3. Check consistency: Self-check that the delivery sheet, decision log, and version do not contradict each other. If they do, do not hide it — report with the context.
4. Submit and keep a copy: Record the copy submitted, the date, and the recipient (itself a record).

For MSA-guideline operation and concrete Q&A see 04: MSA Guidelines and 05: MSA Q&A; for the JPMA side see 06: JPMA Code and 07: JPMA Creation Guide.

08Rollout — retrofitting onto existing work

New engagements can be built to this model from the start, but for work already in flight a phased rollout is realistic. Trying to put everything in place at once stalls the floor.
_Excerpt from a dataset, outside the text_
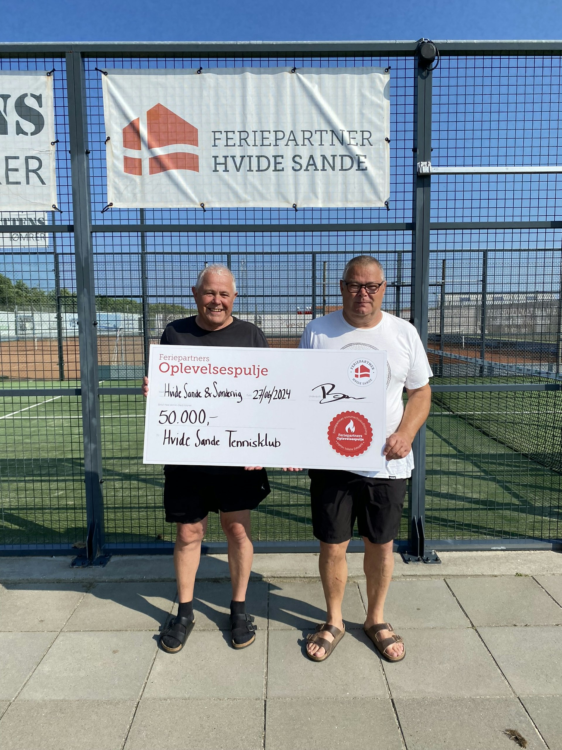 I Feriepartner Hvide Sande støtter vi initiativer, der skaber flere aktivitetsmuligheder for både de lokale og vores mange feriegæster. Derfor har vi via Oplevelsespuljen støttet med 50.000 støttekroner til Hvide Sande Tennisklub, så de kan få en ny hybridbane og opsat lysmaster.

1. Stage 1: Mandate only the delivery sheet (sign-off + version number + open items). At minimal cost, "who guaranteed it" is preserved.
2. Stage 2: Introduce the decision log only for jobs that had gray-area calls. Start from high-risk points, not every job.
3. Stage 3: Standardize version-control rules and file fingerprints. Fix naming rules across the firm.
4. Stage 4: Templatize the traceability matrix and build it into the Gate D delivery check.

Success turns less on the elegance of the forms than on whether a producer can fill them in five minutes. Heavy forms go unfilled and become dead letter. At first, even cut fields — but reach a state where they are filled every time. Returning to the quality philosophy of Part 1 (in preparation): records are kept not for the audit but for the next person who will build.